This article provides information about the various Entity Resolution Tools which can be used on projects. Typically these tools are most relevant to Implementation Engineers or Senior Users very interested in understanding the detail of Entity Resolution within their deployments. Ultimately, all the tools intend to help you understand, and analyze, Entities, when focusing on improving Entity quality.
Tool Designations
A detailed description of each designation can be found on the documentation website. As a reminder:
- General Availability: This tool is available in a core Quantexa library. Quantexa supports the feature, it has comprehensive documentation, has been fully tested and is therefore considered production ready. All Quantexa projects have access to these tools.
- Early Access: This tool will be added to the product, but is currently in a feature validation or testing phase.

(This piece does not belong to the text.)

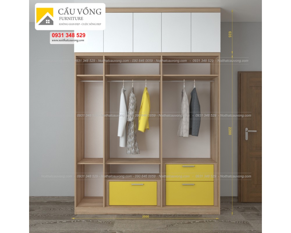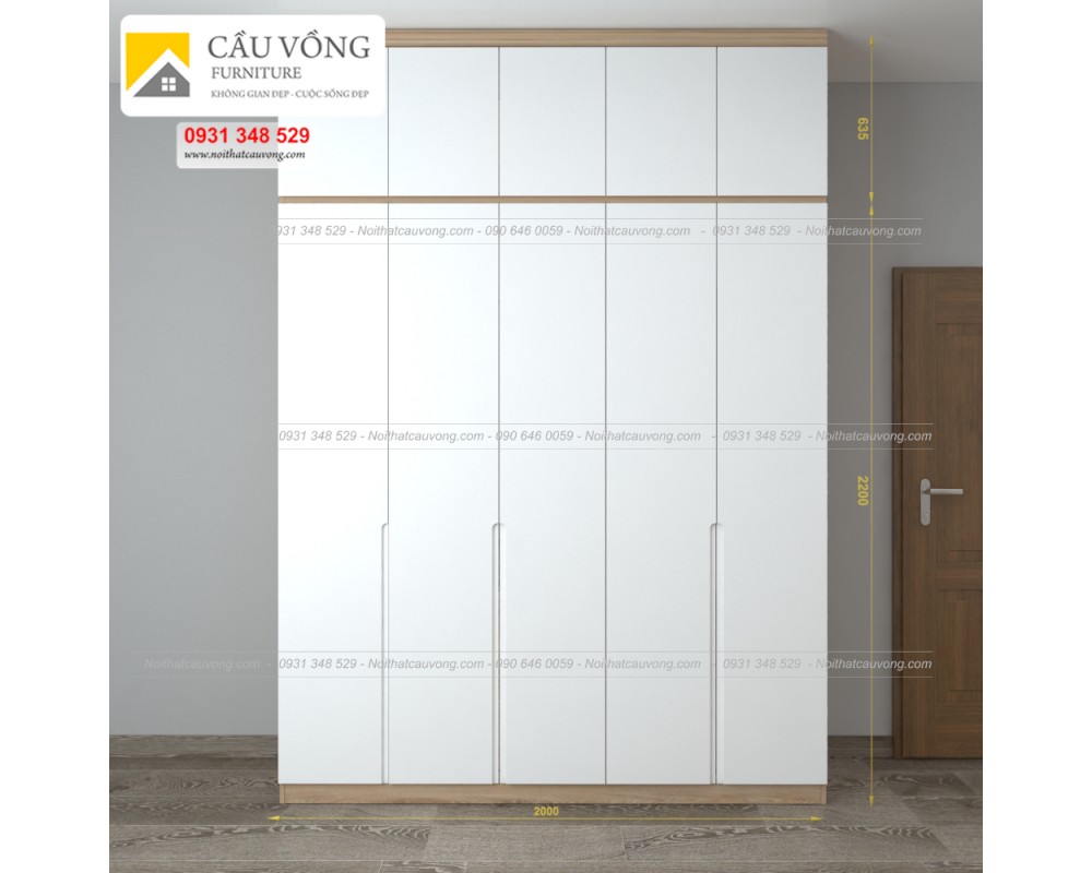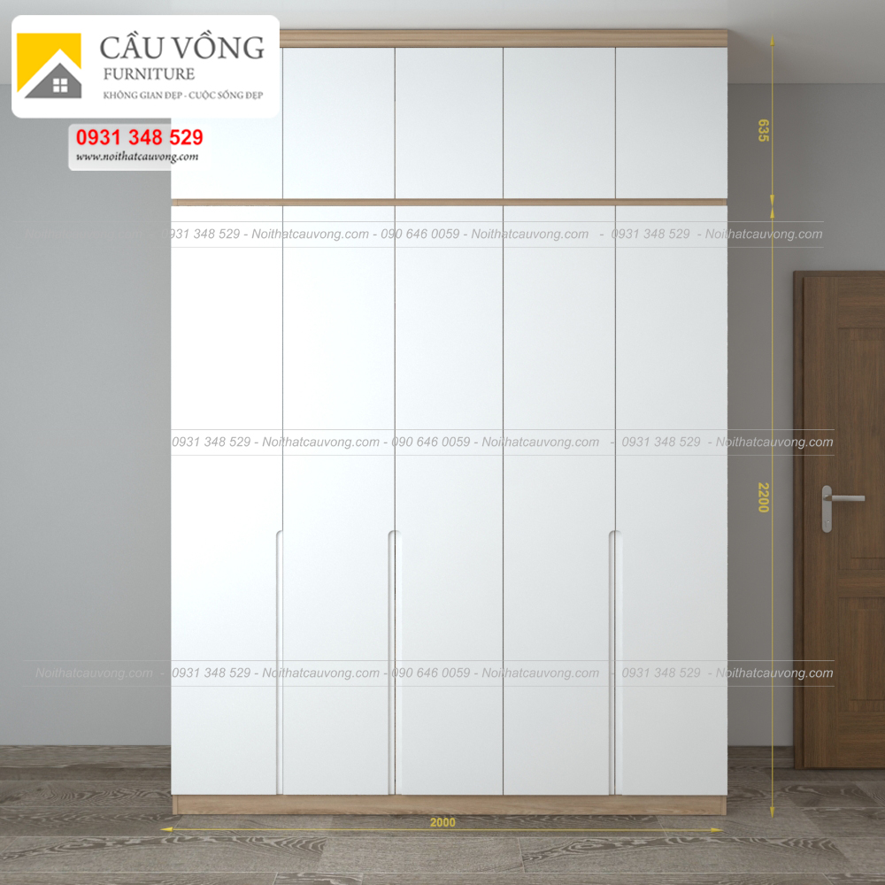 Bố trí bên trong tủ quần áo 5 cánh mở, tủ quần áo hiện đại giá rẻ kết hợp màu gỗ và sơn trắng.

Projects will need to consider that tools can undergo fundamental changes as part of the feedback from Early Access. As such you will likely need to get agreement that it's appropriate before using the tool. Documentation is available on the AI documentation site. Speak to your project architect or Quantexa contact for details of accessing model files.

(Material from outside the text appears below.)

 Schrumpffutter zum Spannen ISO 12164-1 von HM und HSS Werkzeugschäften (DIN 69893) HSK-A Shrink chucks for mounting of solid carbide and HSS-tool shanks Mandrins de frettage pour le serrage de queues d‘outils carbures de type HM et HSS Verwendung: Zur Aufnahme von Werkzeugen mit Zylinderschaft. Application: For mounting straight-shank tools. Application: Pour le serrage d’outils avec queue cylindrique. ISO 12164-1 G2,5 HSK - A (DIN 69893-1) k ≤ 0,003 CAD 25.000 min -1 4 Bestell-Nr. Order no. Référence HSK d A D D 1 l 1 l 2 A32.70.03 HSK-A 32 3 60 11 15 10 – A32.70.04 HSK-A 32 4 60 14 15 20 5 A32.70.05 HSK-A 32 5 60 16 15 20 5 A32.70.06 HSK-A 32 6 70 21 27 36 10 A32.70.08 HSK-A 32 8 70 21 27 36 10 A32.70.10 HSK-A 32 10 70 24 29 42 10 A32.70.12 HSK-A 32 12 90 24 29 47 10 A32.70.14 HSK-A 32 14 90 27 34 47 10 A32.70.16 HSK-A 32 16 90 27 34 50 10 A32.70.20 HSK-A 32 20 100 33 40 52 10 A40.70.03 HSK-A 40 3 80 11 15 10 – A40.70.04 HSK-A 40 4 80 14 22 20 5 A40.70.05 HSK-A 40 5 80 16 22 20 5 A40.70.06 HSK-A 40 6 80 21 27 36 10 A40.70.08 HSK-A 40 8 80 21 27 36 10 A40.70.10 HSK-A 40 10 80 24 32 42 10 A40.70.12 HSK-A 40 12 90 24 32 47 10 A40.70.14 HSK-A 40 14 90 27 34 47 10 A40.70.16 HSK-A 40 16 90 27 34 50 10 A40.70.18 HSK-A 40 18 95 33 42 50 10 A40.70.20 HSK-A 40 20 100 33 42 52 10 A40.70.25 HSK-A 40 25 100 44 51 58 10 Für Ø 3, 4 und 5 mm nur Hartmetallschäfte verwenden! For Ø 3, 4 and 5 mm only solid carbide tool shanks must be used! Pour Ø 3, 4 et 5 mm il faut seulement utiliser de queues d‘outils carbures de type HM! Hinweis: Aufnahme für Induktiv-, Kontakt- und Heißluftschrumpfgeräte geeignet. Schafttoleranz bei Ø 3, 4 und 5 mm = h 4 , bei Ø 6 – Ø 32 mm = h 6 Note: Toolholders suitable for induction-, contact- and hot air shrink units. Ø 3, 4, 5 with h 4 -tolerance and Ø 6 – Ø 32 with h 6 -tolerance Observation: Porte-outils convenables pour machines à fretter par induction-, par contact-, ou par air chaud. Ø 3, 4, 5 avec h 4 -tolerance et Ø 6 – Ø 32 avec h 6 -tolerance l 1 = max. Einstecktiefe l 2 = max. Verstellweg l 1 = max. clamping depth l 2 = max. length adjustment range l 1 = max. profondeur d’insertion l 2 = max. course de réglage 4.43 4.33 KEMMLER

- Experimental Access: This tool does not attract formal support by Quantexa but has been released to support innovation or validation of approaches to solve a problem. It is possible that these tools will never reach formal support and may not be compatible with every version of the Quantexa Platform. Customers should consider whether experimental tools will be right for them and they may require a level of expertise within the project to get the most value from them.

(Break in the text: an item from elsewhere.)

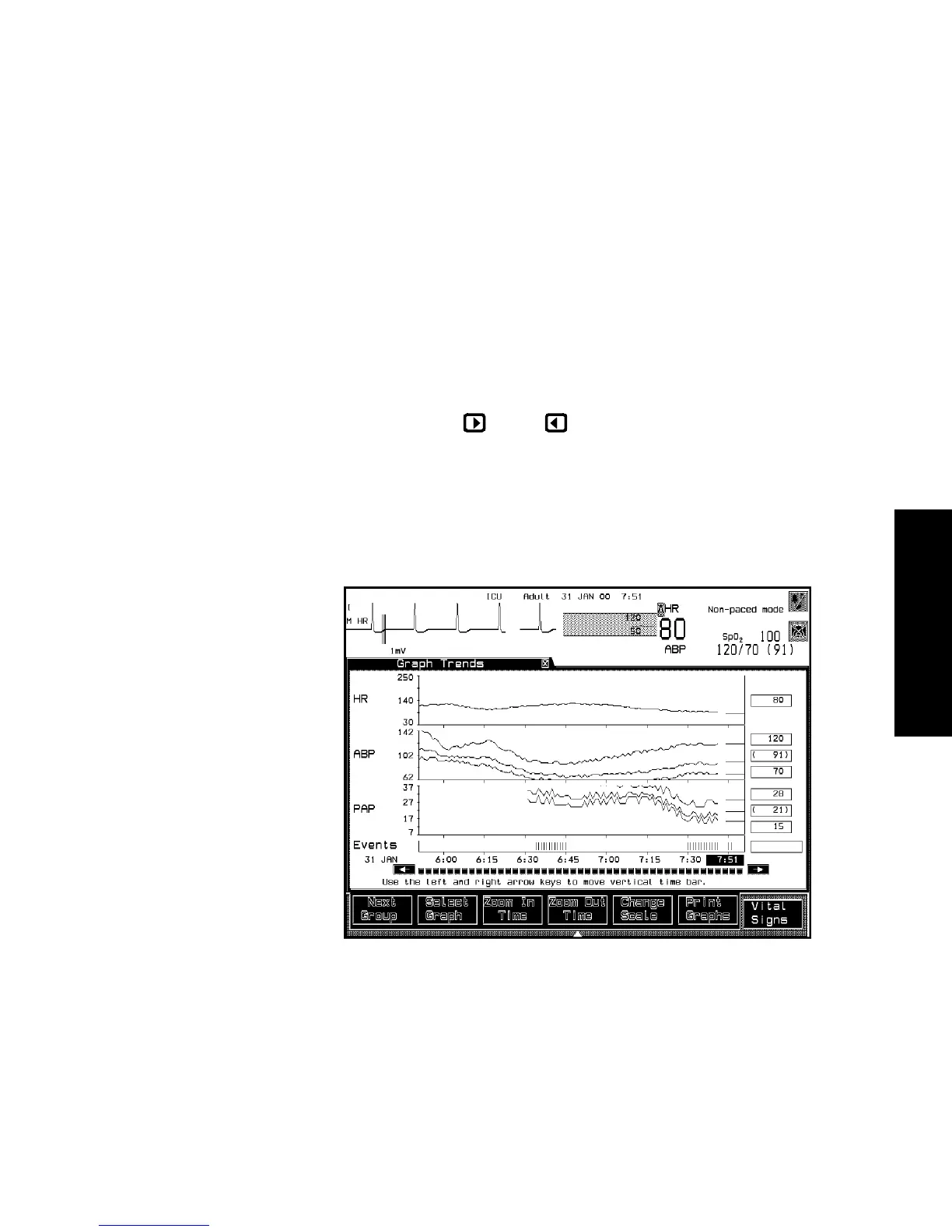 time axis by using the and keys (these keys can be held down

- Delivery community: These tools are written by the delivery community and can be found in the delivery community repository. Support is on a best efforts basis by the Quantexa Team on Community. Documentation exists in the repository as markdown files and can be viewed within GitHub. Speak to your project architect or Quantexa contact for access to the repository if you do not already have it as it is not granted by default.
Product
Entity Lab
Entity Lab is available within the Quantexa UI and is the default way to review an Entity.
Entity Explorer
Entity Explorer provides a view of all Entities from a batch build and allows the user to investigate and query for Entities that match certain conditions. It is helpful for both thematic review and review of specific instances.
Note: This is available from 2.4 onwards.
Batch Resolver (QBR) Analyzer
The QBR Analyzer (also known as Batch Resolver Analyzer) provides summaries from the batch Entity build in two sets of reports, a compounds report and an Entity report.
Note: As of version 2.4 this is now available in two scripts, Compound Report and Entity Report
Entity Report
The Entity Report provides summary statistics on the sizes and distribution of Entities generated by Batch Resolver.
Compound Report
The Compound Report provides summary statistics on the excluded Compounds. The report provides information to enable you to assess the quality of data and the effectiveness of Compounds used for Entity Resolution.
Statistical Profile Testing Framework
SPTF allows for the configuration of statistics which can be calculated at a determined frequency from batch Entity builds. This tool should be used to monitor the population level statistics of Entities.
Entities and Networks Regression Testing Framework
The regression testing framework is used to make sure new deployments don't cause ER issues.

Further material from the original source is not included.